WHAT YOU WILL DO: Look through the entries below for the string "Vladimir", and copy each line where it is found.

DATA:
*** Block opens ***
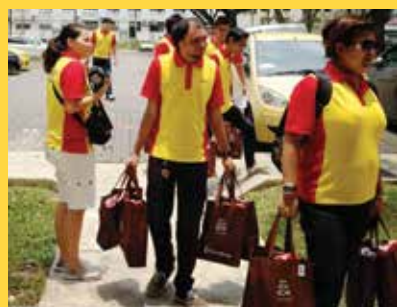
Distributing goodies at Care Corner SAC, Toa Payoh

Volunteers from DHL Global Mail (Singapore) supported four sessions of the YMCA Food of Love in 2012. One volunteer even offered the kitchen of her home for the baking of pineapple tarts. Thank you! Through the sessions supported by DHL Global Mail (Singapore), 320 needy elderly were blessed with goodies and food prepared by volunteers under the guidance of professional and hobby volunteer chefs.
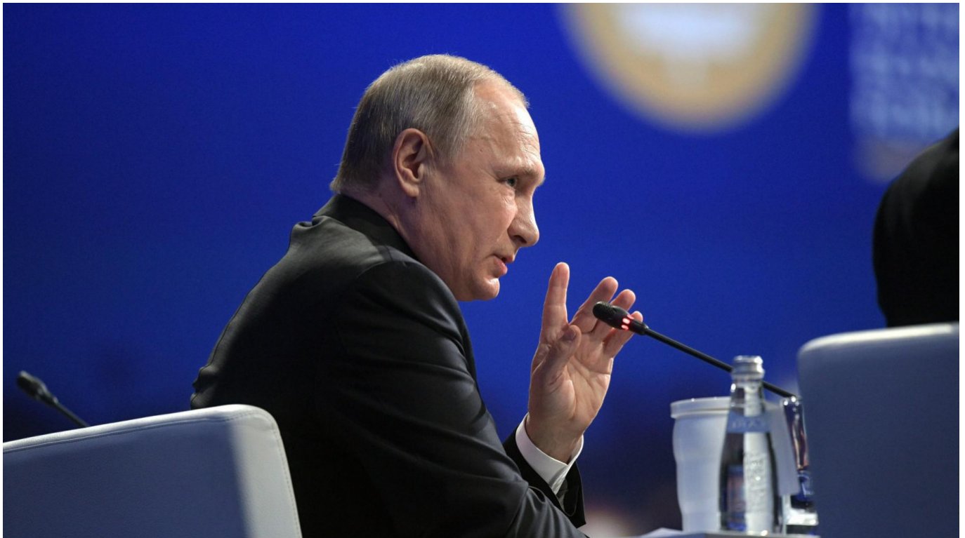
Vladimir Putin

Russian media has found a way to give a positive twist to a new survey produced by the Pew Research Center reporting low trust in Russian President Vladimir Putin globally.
*** Block closes ***
*** Block opens ***
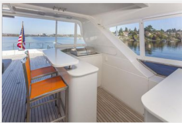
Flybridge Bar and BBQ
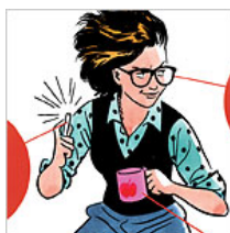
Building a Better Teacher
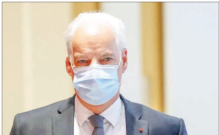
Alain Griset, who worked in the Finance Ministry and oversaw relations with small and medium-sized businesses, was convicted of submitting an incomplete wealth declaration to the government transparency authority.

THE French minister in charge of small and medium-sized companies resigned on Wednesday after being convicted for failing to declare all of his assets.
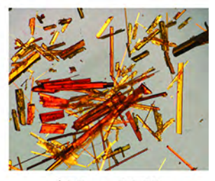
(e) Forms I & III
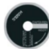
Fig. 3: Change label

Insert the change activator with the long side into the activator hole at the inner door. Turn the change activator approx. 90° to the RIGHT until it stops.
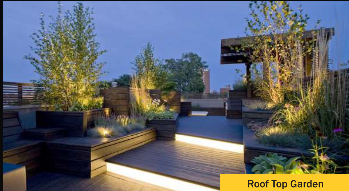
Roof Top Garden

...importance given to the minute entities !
*** Block closes ***
*** Block opens ***
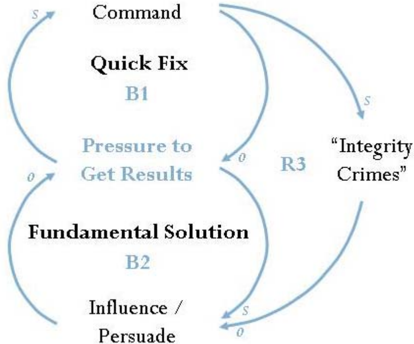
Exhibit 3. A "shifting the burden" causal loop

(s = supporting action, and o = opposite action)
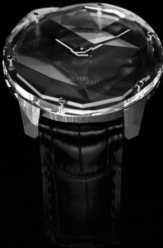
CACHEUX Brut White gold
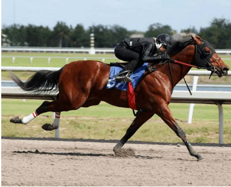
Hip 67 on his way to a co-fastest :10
*** Block closes ***
RESPONSE:
Vladimir Putin
Russian media has found a way to give a positive twist to a new survey produced by the Pew Research Center reporting low trust in Russian President Vladimir Putin globally.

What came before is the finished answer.